The objective of this project is to develop scalable natural language processing (NLP) and artificial intelligence (AI) algorithms to automatically assess biomedical publications for citation content accuracy. The resulting models can be embedded in practical software tools. With these new tools, authors will be able to improve their citation quality; journals and peer reviewers will be able to scrutinize questionable citation practices pre-publication; and research administrators, research integrity officers, funders, and policymakers will be able to investigate citation practices, integrity issues, and knowledge diffusion via citations.
Toward this objective, in this first year of the project, we will construct a corpus of 100 highly cited articles based on PHS-funded research and 20 articles citing each of these articles, align the citation context in the citing article with the relevant text spans in the reference article, and assess whether the citation is accurate with respect to the reference article. In the second year, we will use the resulting corpus to train and validate AI-based NLP models that identify related text spans in reference-citing article pairs and calculate a confidence score for citation accuracy.

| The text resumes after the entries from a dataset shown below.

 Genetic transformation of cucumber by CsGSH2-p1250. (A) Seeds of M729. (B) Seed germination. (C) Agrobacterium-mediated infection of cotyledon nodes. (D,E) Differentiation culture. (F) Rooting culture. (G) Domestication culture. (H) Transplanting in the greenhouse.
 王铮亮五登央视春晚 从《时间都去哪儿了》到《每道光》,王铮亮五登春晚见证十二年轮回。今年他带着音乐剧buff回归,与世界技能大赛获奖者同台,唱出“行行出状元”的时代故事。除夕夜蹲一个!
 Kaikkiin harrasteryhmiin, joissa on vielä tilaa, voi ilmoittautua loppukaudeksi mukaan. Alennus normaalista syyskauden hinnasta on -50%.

The proposed work is innovative because: (a) it is the first project focusing on automated citation accuracy verification in biomedical publications; (b) it tackles the significant NLP challenge of aligning the content of two articles at multiple levels of granularity (e.g., single sentence, passage, entire article). To address these challenges, we will leverage state-of-the-art sentence encoders, such as BERT[12], as well as long document encoders, such as Longformer[13], and a multilevel text alignment approach[14].

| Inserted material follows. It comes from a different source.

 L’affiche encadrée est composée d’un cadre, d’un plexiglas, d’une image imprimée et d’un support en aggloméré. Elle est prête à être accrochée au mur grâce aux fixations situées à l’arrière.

The models developed will serve various stakeholders in improving citation quality and ensuring citation transparency and integrity. In addition, the proposed corpus and models will stimulate research in citation content analysis[15], contributing to development of more granular and accurate measures of scholarly impact. In the longer term, such qualitative measures can mitigate the detrimental effects that purely quantitative metrics of research assessment have had on research integrity and quality[16].